Work to be completed
Each record should be given again exactly, and any picture in it left out.

Data in this exercise
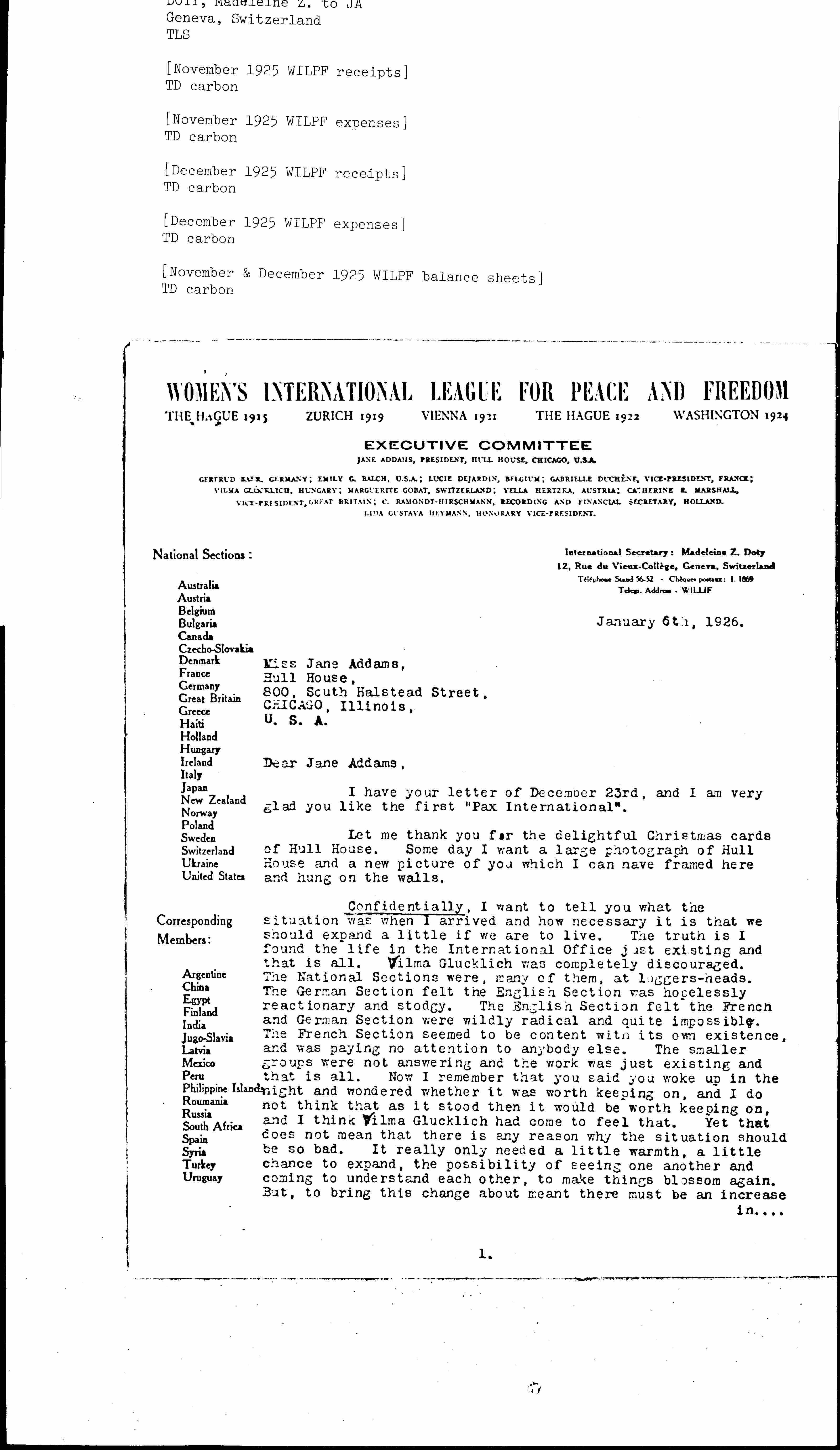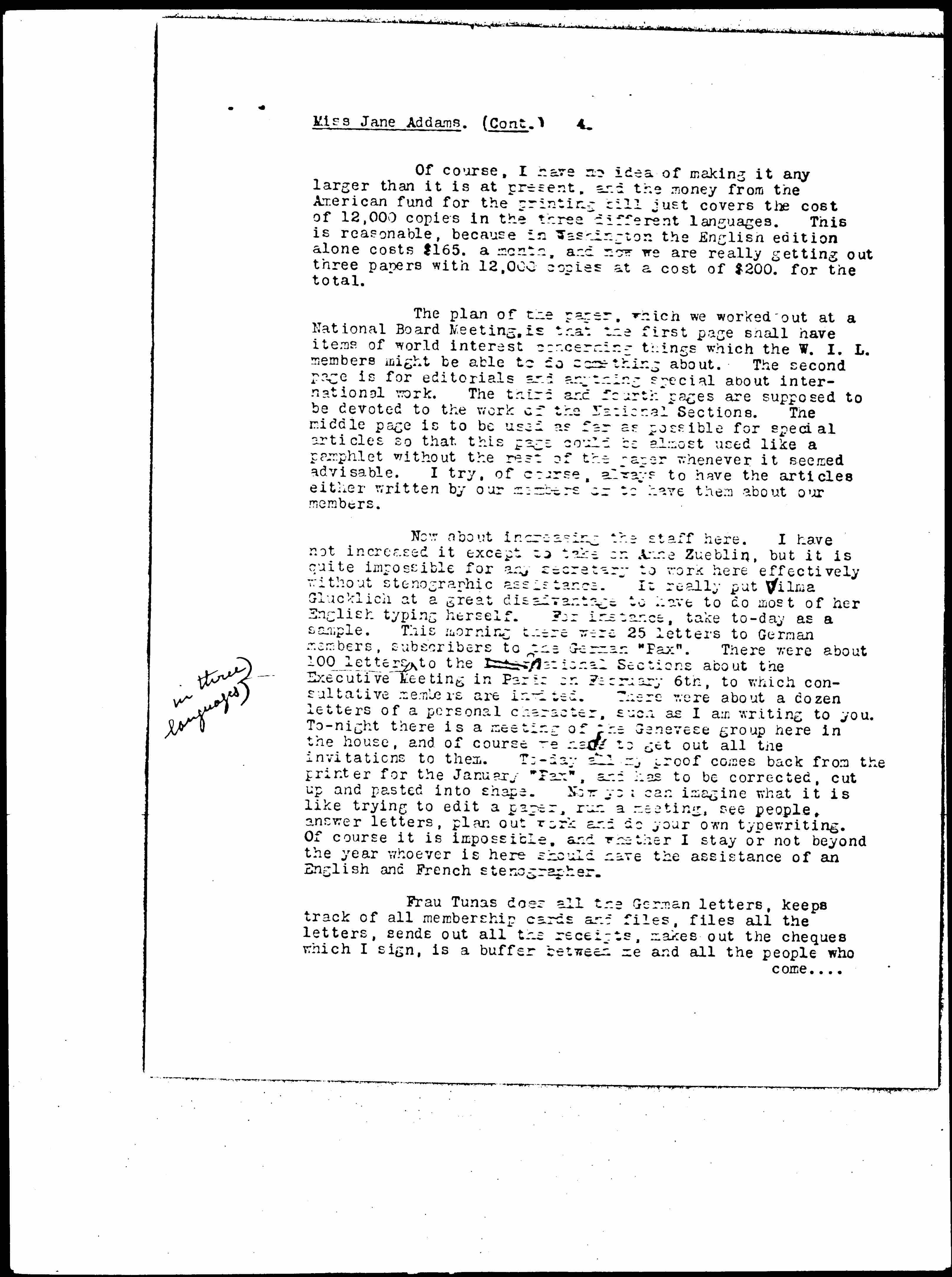 Now about increasing the staff here. I have not increased it except to take on Anne Zueblin, but it is quite impossible for any secretary to work here effectively without stenographic assistance. It really put Vilma Glücklich at a great disadvantage to have to do most of her English typing herself. For instance, take [today] as a sample. This morning there were 25 letters to German members, subscribers to the German "Pax." There were about 100 letters ↑in three languages↓ to the InterNational Sections about the Executive Meeting in Paris on February 6th, to which consultative members are invited. There were about a dozen letters of a personal character, such as I am writing to you. [Tonight] there is a meeting of the Genevese group here in the house, and of course we need to get out all the invitations to them. [Today] all my proof comes back from the printer for the January "Pax," and has to be corrected, cut up and pasted into shape. Now you can imagine what it is like trying to edit a paper, run a meeting, see people, answer letters, plan out work and do your own typewriting. Of course it is impossible, and whether I stay or not beyond the year whoever is here should have the assistance of an English and French stenographer.
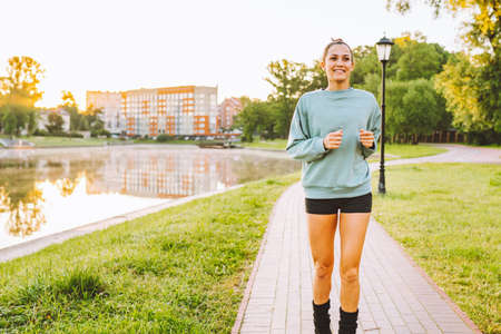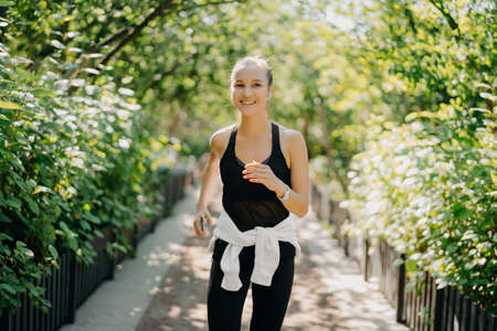 Sportive young woman has jogging workout training runs outdoor smiles pleasantly enjoys good day dressed in sportsclothes listens music from playlist. Start day from morning jog. Female runner
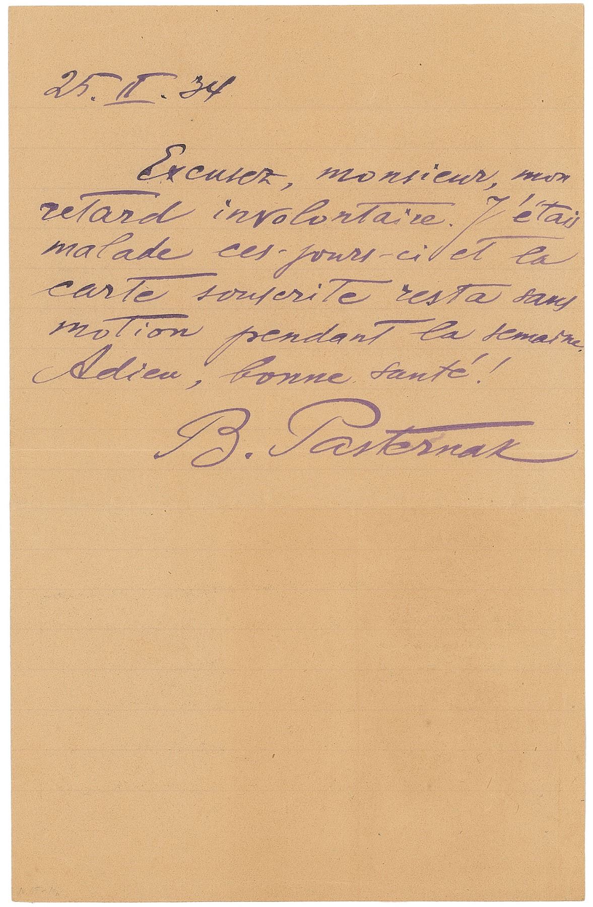 Russian writer and translator (1890–1960) whose novel Doctor Zhivago takes a place among the central works of twentieth-century literature. ALS in French, signed "B. Pasternak," one page, 5 x 8, February 25, 1934. A brief note apologizing for his delay, which was caused by illness. In fine condition.
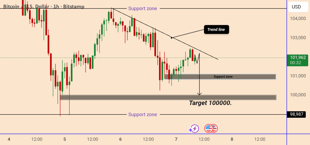 بیت کوین زیر یه خط روند نزولی داره معامله میشه و نزدیک ۱۰۲,۰۰۰ مقاومت داره. قیمت داره محدوده حمایتی ۱۰۱,۰۰۰ رو تست میکنه، با یه هدف نزولی ۱۰۰,۰۰۰ اگه حمایت بشکنه.
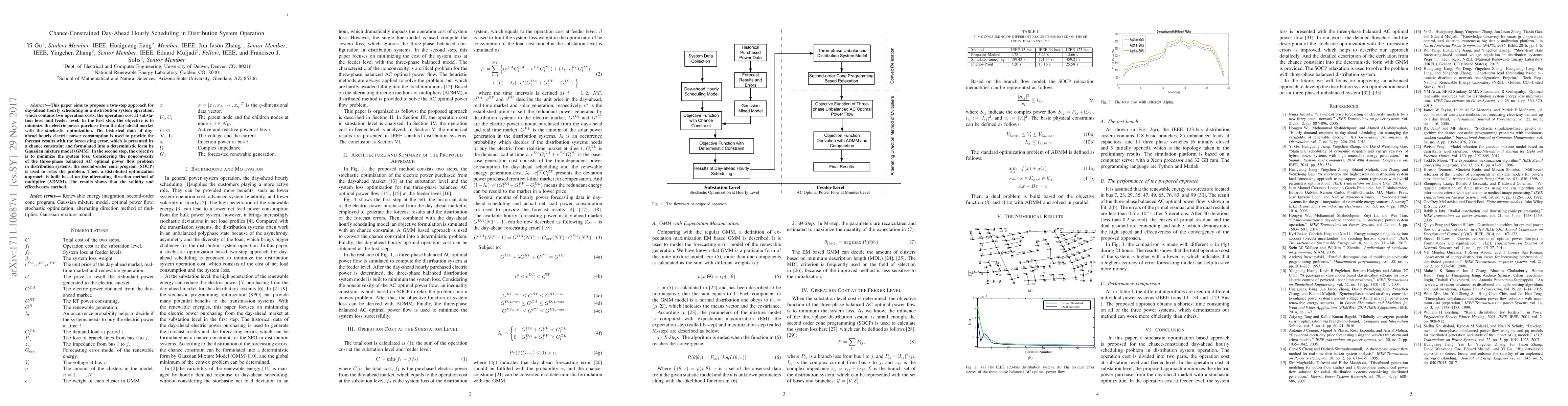 This paper proposes a two-step method for day-ahead hourly scheduling in distribution system operation, minimizing substation and feeder operation costs using stochastic optimization and a Gaussian mixture model. A second-order cone program is applied to address the nonconvexity of the optimal power flow problem, followed by a distributed optimization approach using ADMM.
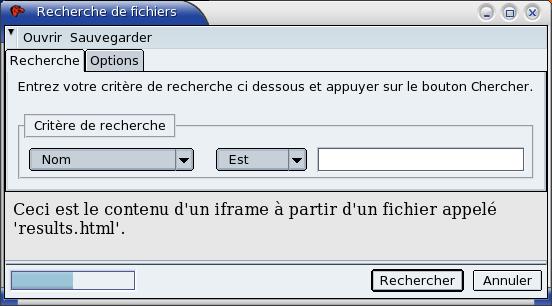 Voyons ce que deviens notre exemple de recherche de fichiers avec un séparateur. Une possibilité serait d'inclure les résultats de la recherche dans la boîte de dialogue. Nous ajouterons une zone entre les critères de recherche et les boutons du bas. Un séparateur permettra de réduire ou masquer les résultats de la recherche.
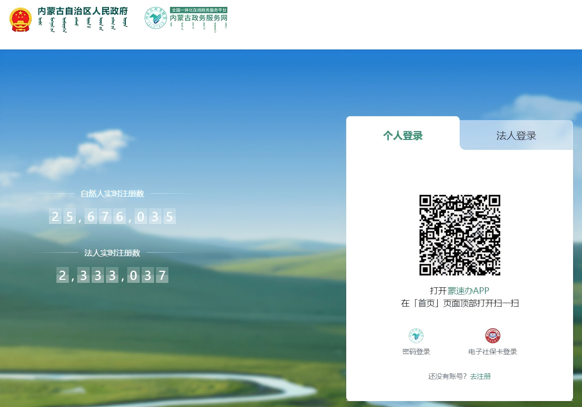 4.选择“个人登录”,使用“蒙速办”APP扫码登录,如未注册内蒙古政务服务网账号,请先进行注册。(如图1-3)

Task result
 Now about increasing the staff here. I have not increased it except to take on Anne Zueblin, but it is quite impossible for any secretary to work here effectively without stenographic assistance. It really put Vilma Glücklich at a great disadvantage to have to do most of her English typing herself. For instance, take [today] as a sample. This morning there were 25 letters to German members, subscribers to the German "Pax." There were about 100 letters ↑in three languages↓ to the InterNational Sections about the Executive Meeting in Paris on February 6th, to which consultative members are invited. There were about a dozen letters of a personal character, such as I am writing to you. [Tonight] there is a meeting of the Genevese group here in the house, and of course we need to get out all the invitations to them. [Today] all my proof comes back from the printer for the January "Pax," and has to be corrected, cut up and pasted into shape. Now you can imagine what it is like trying to edit a paper, run a meeting, see people, answer letters, plan out work and do your own typewriting. Of course it is impossible, and whether I stay or not beyond the year whoever is here should have the assistance of an English and French stenographer.
 Sportive young woman has jogging workout training runs outdoor smiles pleasantly enjoys good day dressed in sportsclothes listens music from playlist. Start day from morning jog. Female runner
 Russian writer and translator (1890–1960) whose novel Doctor Zhivago takes a place among the central works of twentieth-century literature. ALS in French, signed "B. Pasternak," one page, 5 x 8, February 25, 1934. A brief note apologizing for his delay, which was caused by illness. In fine condition.
 بیت کوین زیر یه خط روند نزولی داره معامله میشه و نزدیک ۱۰۲,۰۰۰ مقاومت داره. قیمت داره محدوده حمایتی ۱۰۱,۰۰۰ رو تست میکنه، با یه هدف نزولی ۱۰۰,۰۰۰ اگه حمایت بشکنه.
 This paper proposes a two-step method for day-ahead hourly scheduling in distribution system operation, minimizing substation and feeder operation costs using stochastic optimization and a Gaussian mixture model. A second-order cone program is applied to address the nonconvexity of the optimal power flow problem, followed by a distributed optimization approach using ADMM.
 Voyons ce que deviens notre exemple de recherche de fichiers avec un séparateur. Une possibilité serait d'inclure les résultats de la recherche dans la boîte de dialogue. Nous ajouterons une zone entre les critères de recherche et les boutons du bas. Un séparateur permettra de réduire ou masquer les résultats de la recherche.
 4.选择“个人登录”,使用“蒙速办”APP扫码登录,如未注册内蒙古政务服务网账号,请先进行注册。(如图1-3)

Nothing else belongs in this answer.